The complexity of life on earth has been well explained by the modern theory of evolution, by giving an organism the capacity to replicate, making imperfect copies of itself, throughout countless generations, it will create an entire ecosystem of organisms specialized in particular tasks, carved by the environmental pressure.

However, the starting point of life is still unknown, at some point in history (around 4 billion years ago) a living organism has to arise from an abiotic environment. But the challenge of explaining the origin of life can be simplified by the “snowball up the hill” effect: it is necessary to prove the creation of some sort of genetic code, that over time, thanks to its capability of both, replicate and catalyze chemical reactions, could lead to the formation of some sort of bacterial-like cell.

It has been proven that simple organic molecules could be formed spontaneously in prebiotic Earth, like in the atmosphere thanks to the activity of thunders, or in underwater vents.  Another possible explanation for the presence of organic compounds like amino acids, organic acids, and nitrogen bases at that time, could be the meteoric bombardment to which Earth was subjected. These hypotheses are difficult to prove and it is also possible that more than one event participated in the formation of an organic-rich environment in the pre-biotic area.

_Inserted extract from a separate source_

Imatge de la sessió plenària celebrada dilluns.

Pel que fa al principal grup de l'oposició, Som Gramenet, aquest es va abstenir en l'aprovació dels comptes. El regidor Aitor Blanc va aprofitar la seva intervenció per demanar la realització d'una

So, did DNA arise from spontaneous reactions on Earth? Probably not, its structure is complex and far too specialized in carrying information, the genetic polymer that we are looking for must be less complex, and so RNA could be a possible candidate as the simpler cousin of DNA. Not only that but the origin of the genetic code faces another problem: without pre-existing genetic information where the necessary enzymes for replication came from? A possible explanation can be given by RNA itself, it has been observed that RNA, can have catalytic activity, working as an enzyme. The hypothesis that RNA was in fact the first genetic polymer needs still to explain how monomers that are so complex, and require the formation of regiospecific bonds between 3 different chemical moiety, could be present at that time. The supporters of this hypothesis link the formation of long RNA molecules from activated nucleotides in the environment, to geological events and the interactions with clays that could act as the catalyst of this process[2].

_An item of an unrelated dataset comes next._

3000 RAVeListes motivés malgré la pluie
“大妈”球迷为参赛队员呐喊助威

DNA and potentially informational oligonucleotide analogs. (a) DNA. (b) Pyranosyl analog of RNA. (c) Peptide nucleic acid[2].

But RNA can be also considered a pretty complex molecule, it is possible that the original genetic code was not a nucleic acid at all: some scientists speculate that other types of polymers could work as genetic code and being simpler and more probable in a prebiotic environment. Aminoacids and peptidic bonds seem more plausible as components of the first genetic code, so peptide nucleic acid (PNA) could be a candidate as DNA ancestor. From this genetic code, information could then be passed to a molecule of RNA (it has been observed) and then RNA would act as the direct ancestor of DNA[1].
The research of the original genetic code is far from being completed, prebiotic chemists are continuously evaluating different scenarios, taking into consideration the environmental conditions on Earth, the probability of obtaining particular building blocks, and how they could be assembled, by using different kinds of bonds. The number of possibilities is very high, the different speculations that can be made are exciting, and I think that I will explore the subject of the origin of life more in-depth in the future.
I find this kind of research thrilling because we are moving to unexplored scenarios in which all kinds of possible origin stories could be possible. The complexity of this question relies on the difficulty in finding out the specific environmental conditions on Earth when life started, and the huge number of possible molecules, monomers, and chemical bonds that could arise in the prebiotic era.